Zinc sulphide is used in making luminous paints, fluorescent lights and X-ray screens.

Brass an alloy of zinc is used in water valves and communication equipment as it is highly resistant to corrosion.

10. Explain the electrometallurgy of aluminium.

Hall-Heroult process:

Cathode: Iron tank lined with carbon

Anode: The carbon blocks immersed in the electrolyte

A 20% solution of alumina, obtained from the bauxite ore is mixed with molten cyrolite and is taken in the electrolysis chamber.

About 10% calcium chloride is also added to the solution, which lowers the melting point of the mixture.

The fused mixture is maintained at a temperature of above 1270 K.

Ionisation of alumina

Al2O3 → 2Al3+ + 3O2−

Reaction at cathode

Al3+ (melt) + 3e → Al (1)

Reaction at anode

2O2− (melt) → O2 + 4e

Carbon anode consumed slowly.

C(s) + O2− (melt) → CO + 2e

C(s) + 2O 2− (melt) → CO2 + 4e

The pure aluminium is formed at the cathode and settles at the bottom. The net electrolysis reaction is

4Al3+ (melt) + 6O2(melt) + 3C(s) → 4Al() + 3CO2(g)

11. Explain the following terms with suitable examples.

(i) Gangue (ii) slag


The ores are associated with nonmetallic impurities, rocky materials and siliceous matter which are collectively known as gangue.


The silica gangue present in the iron ore


When gangue present in the roasted or calcined ore combined with the flux forms a fusible material called slag.


Silica gangue in the iron ore removed by using limestone (CaO). The slag was removed.

CaO(s) [Flux] + SiO2(s) [Gangue] → CaSiO3(s) [Slag]

Flux + Gangue → Slag 

12. Give the basic requirement for vapour phase refining.

The metal is treated with a suitable reagent it should form a volatile compound with the metal.

The volatile compound is easily decomposed to give the pure metal.

13. Describe the role of the following in the process mentioned.

(i) Silica in the extraction of copper.

(ii) Cryolite in the extraction of aluminium.

(iii) Iodine in the refining of Zirconium.

(iv) Sodium cyanide in froth floatation.

(i) Silica in the extraction of copper.

Silica is used as flux material in the extraction of copper.

The concentrated ore is heated with an acidic flux silica. The ferrous oxide formed due to melting is basic in nature and it combines with silica to form ferrous silicate (slag).

FeO + SiO2 → FeSiO3

(ii) Cryolite in the extraction of aluminium.

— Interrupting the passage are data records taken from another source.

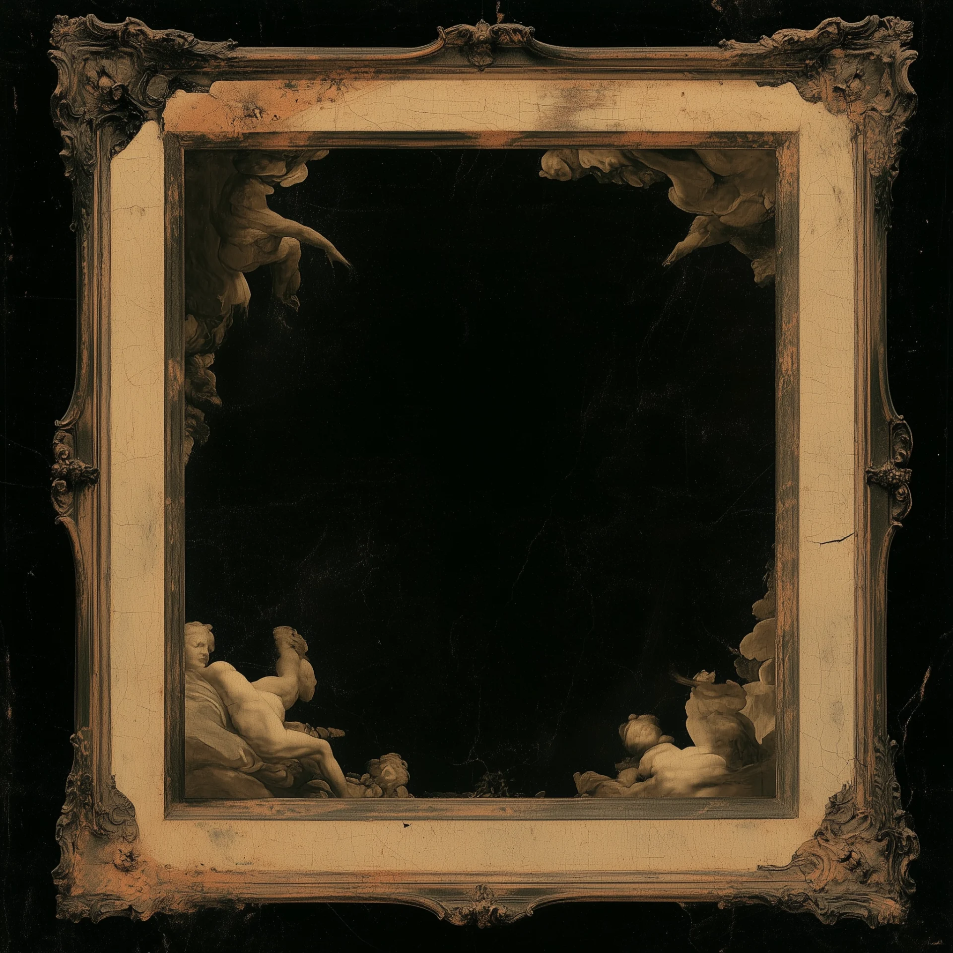 A fusion of 1960’s psychedelic art with gothic and mystic elements. Two figures in hypnotic Egyptian-themed exo suits are walking hand in hand through a golden grain field, with a black glass pyramid in the background, all resembling the style of Alphonse Mucha.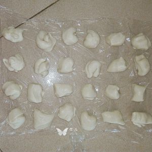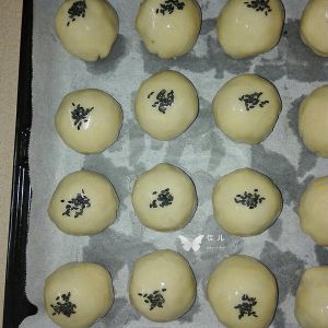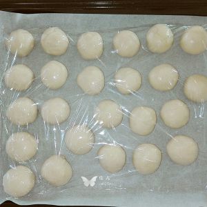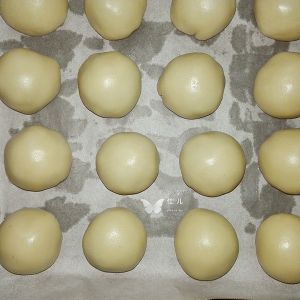 平均分成12份,按每份25g的重量称出馅料,用手握成球状备用。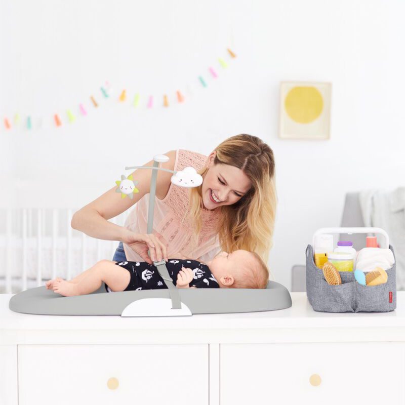 משטח החתלה מסיליקון עם חגורות ומובייל - אפור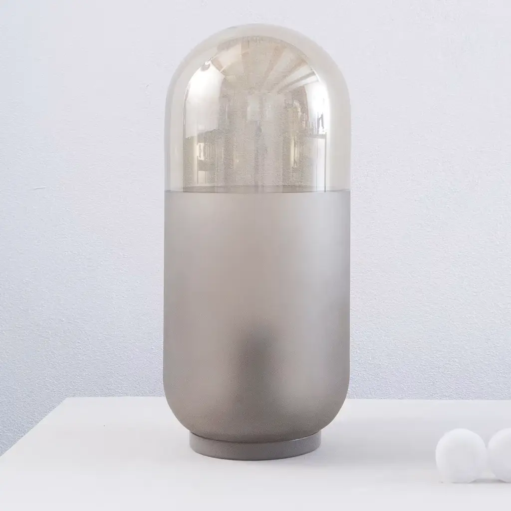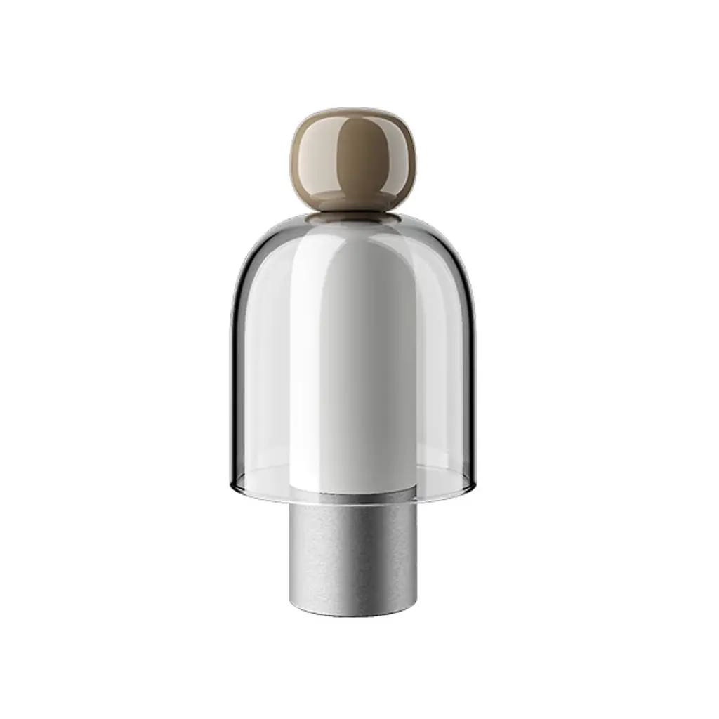This elegant table lamp is part of the Papalina collection, featuring pieces of borosilicate glass that were mouth blown and crafted by hand. The bottom part of the piece was sanded and then colored with specific pigments to achieve a unique tinted, sophisticated effect. The transparent cable is 180 cm long and the bulb is a halogen E27 with a max of 40W. Either alone, in a study, living room, or entryway, or paired with the Papalina Ceiling Lamp, this piece is sure to make an elegant statement in a contemporary home.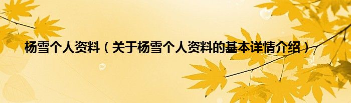 本文关于杨雪个人资料的基本详情介绍就讲解完毕,希望对大家有所帮助。

(a) The melting point of alumina is very high.

Hence it is mixed with cryolite (Na3AlF6) which lowers its melting point

(b) Cryolite increase the electrical conductivity of alumina.

(c) The function of cryolite is to lower the fusion temperature.

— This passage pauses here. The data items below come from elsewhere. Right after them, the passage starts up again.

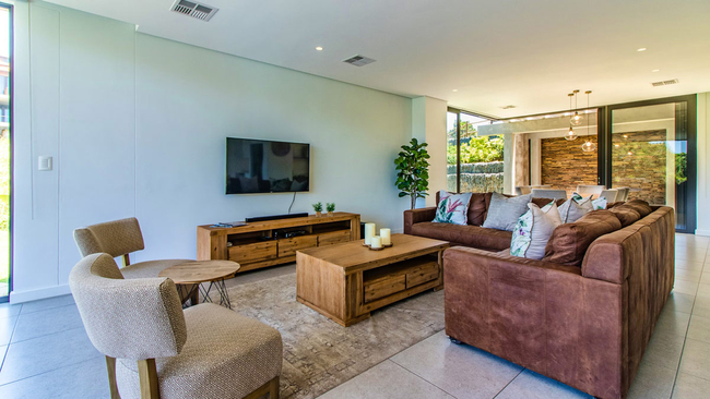 The kitchen is fully equipped and includes a dishwasher, washing machine and tumble dryer. There is a comfortable living area with a TV, DStv and a large dining table.
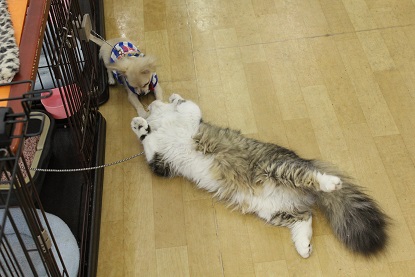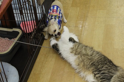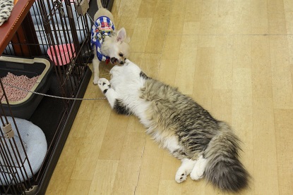 「にゃんこ」みたいな「わんこ」の戯れる『図』。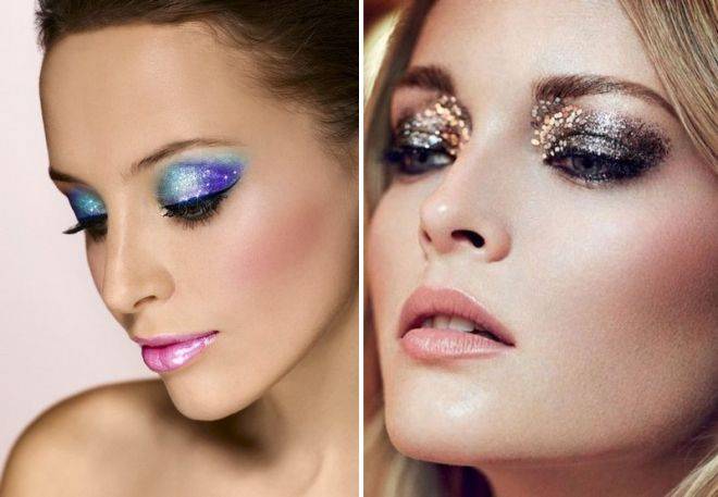 - Металлик – предполагает наличие блесток или пайеток, которые смотрятся невероятно эффектно. В сочетании с тенями, которые соответствуют определенному цвету глаз, они помогут буквально блистать на празднике или вечеринке.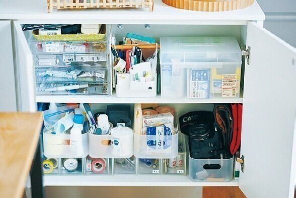 キッチンカウンターのダイニング側の扉を開けると、生活感のある物がぎっしり。薬や文房具などは、中身が見える透明ケースでざっくり分類しています。
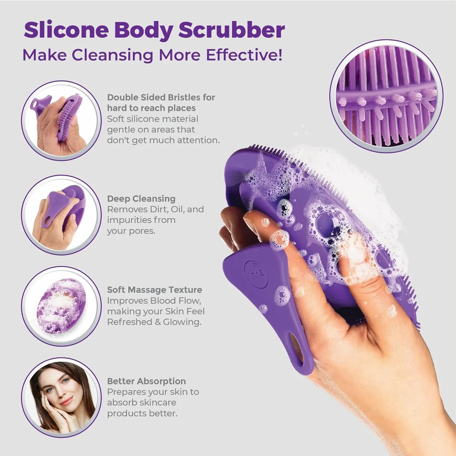 Crafted from premium-grade silicone, this wholesale silicone shower scrubber features double-sided bristles for multi-zone use and a patented center soap reservoir for optimal lathering. Ergonomically grooved for a secure grip, it allows precise control during use. Durable, fast-drying, and non-porous, it resists mold and ensures long-lasting hygiene performance.

(iii) Iodine in the refining of Zirconium.

The impure zirconium metal is heated with iodine at a temperature of 550 K to form the volatile zirconium tetra-iodide. The impurities are not reacting with iodine. The volatile tetraiodide vapour is passed over a tungsten filament at high temperature and pure zirconium was obtained.

Zr(s) + 2I2 (s) __ 550 K_→ ZrI4 (vapour)

ZrI4 (vapour) ___1800 K_→ Zr (s) + 2I2 (s)

(iv) Sodium cyanide in froth floatation

Sodium cyanide (NaCN) is added to depress the floatation property.

When a sulphide ore of a metal contains other metal sulphides as impurities, depressing agent sodium cyanide is used to selectively prevent other metal sulphides from coming to the froth.

14. Explain the principle of electrolytic refining with an example.

The crude metal is refined by electrolysis.

Anode - Impure metal rod

Cathode - Thin strips of pure metal

The metal dissolves from the anode, pass into the solution while the same amount of metal ions from the solution will be deposited at the cathode. The insoluble impurities in the anode settles at the bottom of the anode as anode mud.

Example: Electrolytic refining of silver

Cathode : Pure silver

Anode : Impure silver rods

Electrolyte : Silver nitrate in HNO3

Reaction at cathode

Ag+ (aq) + e → Ag(s)

Reaction at anode

Ag(s) → Ag+ (aq) + e

During electrolysis, at the anode the silver atoms lose electrons and enter the solution. The positively charged silver cations migrate towards the cathode and get discharged by gaining electrons and deposited on the cathode. The impurities settle down at the bottom of anode as anode mud. 

15. The selection of reducing agent depends on the thermodynamic factor: Explain with an example.

The extraction of metals from their oxides can be carried out by using different reducing agents.

2/y MxOy(s) → 2x / y M(s) + O2(g)

The above reduction may be carried out with carbon. The reducing agent carbon may be oxidised to either CO or CO2.

C + O2 → CO2

2 C + O2 → 2 CO

If carbon monoxide is used as a reducing agent, it is oxidised to CO2 as follows

2CO + O2 → 2 CO2

A suitable reducing agent is selected based on the thermodynamic considerations. The change in free energy (∆G) should be negative, for a spontaneous reaction. Therefore, thermodynamically, the reduction of metal oxide with a given reducing agent can occur if the free energy change for the coupled reaction is negative. Hence, the reducing agent is selected in such a way that it provides a large negative ∆G value for the coupled reaction.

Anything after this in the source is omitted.